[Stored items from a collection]
● ● ● ● ●
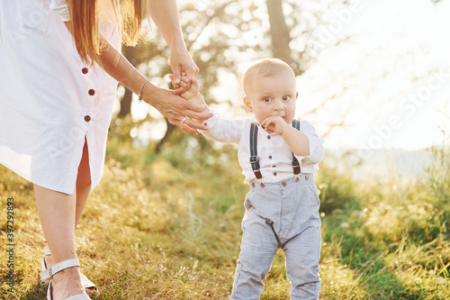 Fototapeta premium Young mother with her little son is outdoors in the forest. Beautiful sunshine
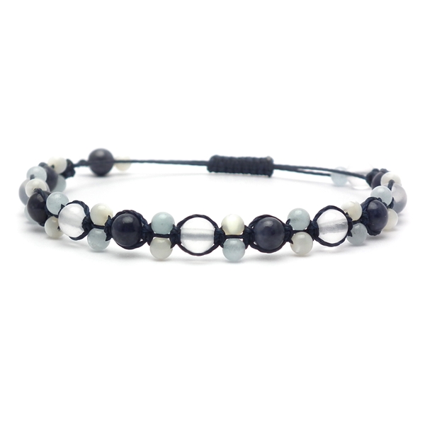 サファイア×アクアマリン×マザーオブパール×ミルキークォーツ 天然石 編み込みブレスレット
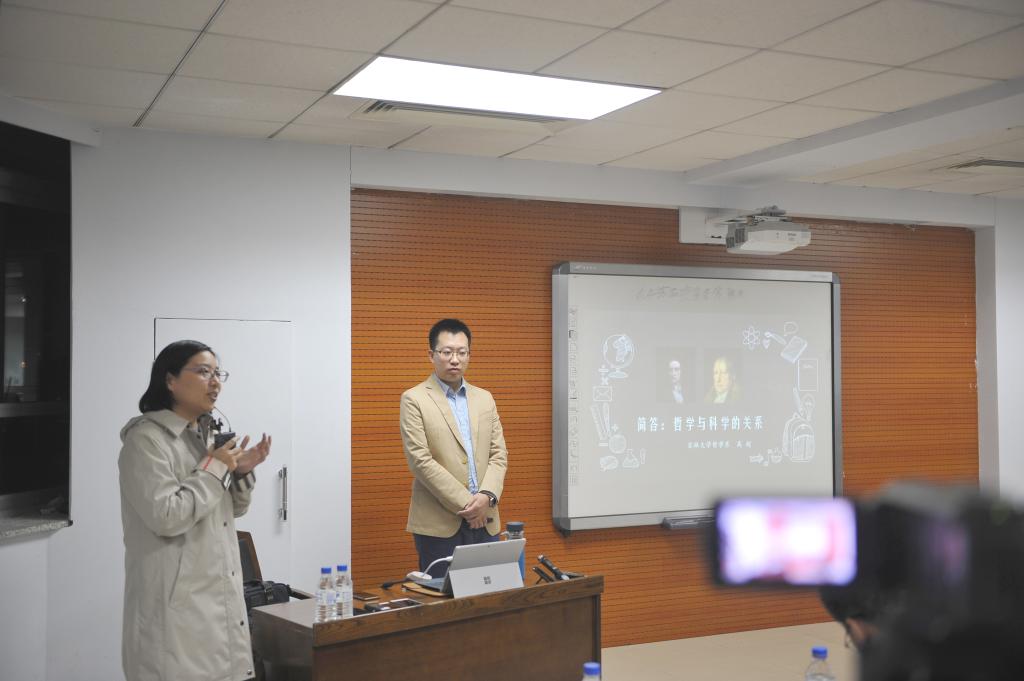 高超老师以几幅简单诙谐的图画开场,循循善诱,逐步抛出他不断求索的重要问题:哲学与科学的关系。高超老师基于其学术背景知识,分别在两个语境中对该问题展开了深入分析:在语境一中,哲学与科学是两种学科,它们所研究的是不同的对象,两者之间是学科分类的关系。在语境二中,哲学与科学有着共同的研究领域——自然界、人类社会、思维等,此时两者之间就变成了竞争的关系。据此,高超老师提出自已的核心观点:神学、哲学和科学之间的区别不在于研究什么,而在于怎样研究。在通过系列充足的论据论证后,高超老师认为:以科学的方式进行研究就是主要依赖于定量概念进行研究,而以哲学的方式进行研究就是主要依赖于分类概念进行研究。高超老师进而推出了自己的最终结论:作为学科的哲学是有意义的,而作为主要依赖于分类概念的研究方式的哲学,则应该发展为主要依赖于定量概念的科学研究方式。
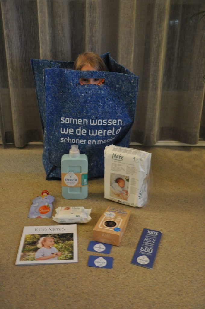 Bij ecomerk Seepje mochten we ruiken aan wasmiddel in een potje en raden welke variant het was. Een van de oprichters vertelde ons over het ontstaan van dit bijzondere merk en hoe ze er op gekomen zijn om notenschillen om te toveren in een duurzaam wasmiddel. Een merk met een prachtig verhaal! Ik heb al eens een sample met schilletjes ontvangen en geprobeerd: je hebt dus een klein katoenen zakje waar je 4 schilletjes in stopt en daarmee maak je tot 4 wasbeurten lang je was echt goed schoon. Het werkt! Er zijn ook varianten met een geurtje op de markt gebracht door Seepje. Mijn portemonnee laat het helaas niet altijd toe om duurzaam te kopen, maar Seepje wasmiddel werkt, het is gaaf bedacht en veel beter voor het milieu dan synthetische producten. In de megagrote wastas die we meekregen zat een verpakking met 30 superschillen, een grote fles wasmiddel voor de bonte was, Naty newborn luiers, Naty ongeparfumeerde billendoekjes voor de gevoelige huid, een bpa-vrij Squiz zakje voor zelfgemaakte fruithapjes. Bovendien ontvingen we nog een klein luiertaartje zoals ze die ook in de stand hadden staan met een kroontje en onze blognaam er op. Helemaal leuk en ook in die goodiebag zat weer een pak Naty newbornluiers en billendoekjes. Allemaal zonder chemische stoffen.
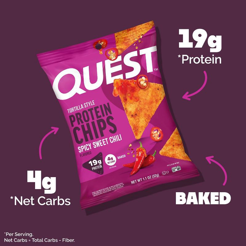 - ENJOY MORE. CARB LESS: The Quest Spicy Sweet Chili Tortilla Style Protein Chips provide all the crunch and satisfying taste of a regular tortilla chip; Only ours have 19g of protein and 4g net carbs per bag
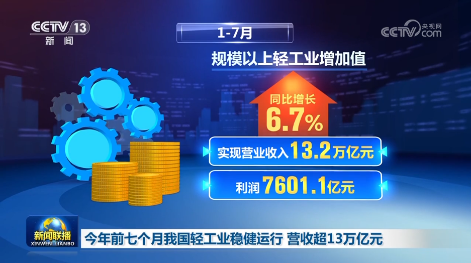 中國輕工業(yè)聯(lián)合會數(shù)據(jù)顯示,今年前七個月,在擴(kuò)內(nèi)需、促消費(fèi)政策支持下,我國輕工業(yè)運(yùn)行穩(wěn)健,生產(chǎn)、營收、市場規(guī)模均保持良好態(tài)勢。規(guī)模以上輕工業(yè)增加值同比增長6.7%,實(shí)現(xiàn)營業(yè)收入13.2萬億元、利潤7601.1億元。
● ● ● ● ●
The answer must be an exact copy of the lines above, from the start of the records through the line with "高超老师以几幅简单诙谐的图画", and of nothing else; no pictures belong in it.

Answer section »
 Fototapeta premium Young mother with her little son is outdoors in the forest. Beautiful sunshine
 サファイア×アクアマリン×マザーオブパール×ミルキークォーツ 天然石 編み込みブレスレット
 高超老师以几幅简单诙谐的图画开场,循循善诱,逐步抛出他不断求索的重要问题:哲学与科学的关系。高超老师基于其学术背景知识,分别在两个语境中对该问题展开了深入分析:在语境一中,哲学与科学是两种学科,它们所研究的是不同的对象,两者之间是学科分类的关系。在语境二中,哲学与科学有着共同的研究领域——自然界、人类社会、思维等,此时两者之间就变成了竞争的关系。据此,高超老师提出自已的核心观点:神学、哲学和科学之间的区别不在于研究什么,而在于怎样研究。在通过系列充足的论据论证后,高超老师认为:以科学的方式进行研究就是主要依赖于定量概念进行研究,而以哲学的方式进行研究就是主要依赖于分类概念进行研究。高超老师进而推出了自己的最终结论:作为学科的哲学是有意义的,而作为主要依赖于分类概念的研究方式的哲学,则应该发展为主要依赖于定量概念的科学研究方式。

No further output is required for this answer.